Le CPCT fait le pari d’un lien à l’Autre inédit qui ne soit ni de l’ordre de l’injonction, ni de la domination, mais du transfert. Lacan, dans les années 70, voyait déjà la chute du discours du maître au profit du discours capitaliste. Qu’est ce que cela signifie ? Le discours du maître, pour Lacan, se structure autour du signifiant-maître (S1) qui « identifie, fige, capture le sujet. Le signifiant-maître est celui qui permet de dire : ‘‘Je suis ceci aux yeux de l’Autre’’, mais en même temps il ordonne l’ensemble des signifiants désignés par S2 » [2]. Ainsi, le discours du maître est une boussole pour se désigner comme pour s’orienter dans le monde du signifiant, dans le monde du sens commun. Que nous enseignent les personnes qui s’adressent à nous ? Aujourd’hui, nous repérons que certains sujets ne se retrouvent pas dans le discours du maître, ils souffrent de ses effets, se sentent prisonniers d’identifications qui les font souffrir et qu’ils rejettent. L’offre du CPCT, dans sa plus grande humilité, peut leur permettre de se brancher sur un Autre qui ne soit ni l’Autre du discours du maître, ni celui du discours capitaliste – lequel promettant l’illusion de l’avoir au détriment de l’être –, mais un Autre sur-mesure par la grâce du transfert. C’est dans ce type de lien social, nettoyé des exigences sociales et sociétales, que le sujet pourra faire l’épreuve de ce qui fonde sa condition humaine et de ce qui est en jeu dans sa façon d’être-au-monde.

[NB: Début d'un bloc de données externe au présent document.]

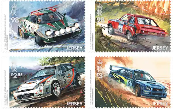 Eight new stamps and a miniature sheet from Jersey Post depict famous moments in World Rally Championship and Jersey Rally history in a new set

Les CPCT sont nés de l’initiative de l’École de la Cause freudienne qui « a choisi de déférer à l’invention des sujets » [3]. Dans les années 70, Lacan avait formalisé un nouveau discours – le discours capitaliste – « et qui comportait que le sujet, au nom de quoi ce discours se tenait, n’avait pas de signifiant, et que ce sujet-là était en quelque sorte libre de l’inventer, que son signifiant était introuvable. On entrait dans une ère où les sujets allaient inventer leurs signifiants-maîtres. […] L’École de la Cause freudienne a enregistré le changement d’ère. Cette déférence, cette humilité paraît prescrite, indiquée par Lacan » [4]. Cette indication précieuse, qui nous sert de boussole, éclaire les enjeux actuels où nous voyons émerger de nouveaux signifiants dans le champ des identifications sous les noms de genre et de communautés qui s’y rattachent, revendiquant leurs modes de jouissance. Ces trouvailles ne règlent pas pour autant les souffrances existentielles auxquelles chaque-Un est confronté en tant que sujet soumis aux lois du langage et de la parole dont le corps pâtit. Il s’agit d’offrir à ces sujets qui protestent contre le discours du maître – nommé patriarcat ou encore domination masculine – un lieu où ils pourront se brancher autrement dans le lien social. À la place de la protestation, nous proposons l’élucidation – au un par un – de ce qui fait difficulté. Car protester, c’est « accepter les termes du discours contre lesquels on s’élève et essayer d’en corriger les conséquences » [5]. Il s’agit plutôt de trouver la voie d’un désir jusque-là écrasé, ou de mieux se débrouiller avec ses propres démons qui séparent des semblables. Les sujets qui s’adressent au CPCT peuvent tirer au clair ce qui les agit et produire un savoir nouveau sur les butées existentielles qu’ils rencontrent.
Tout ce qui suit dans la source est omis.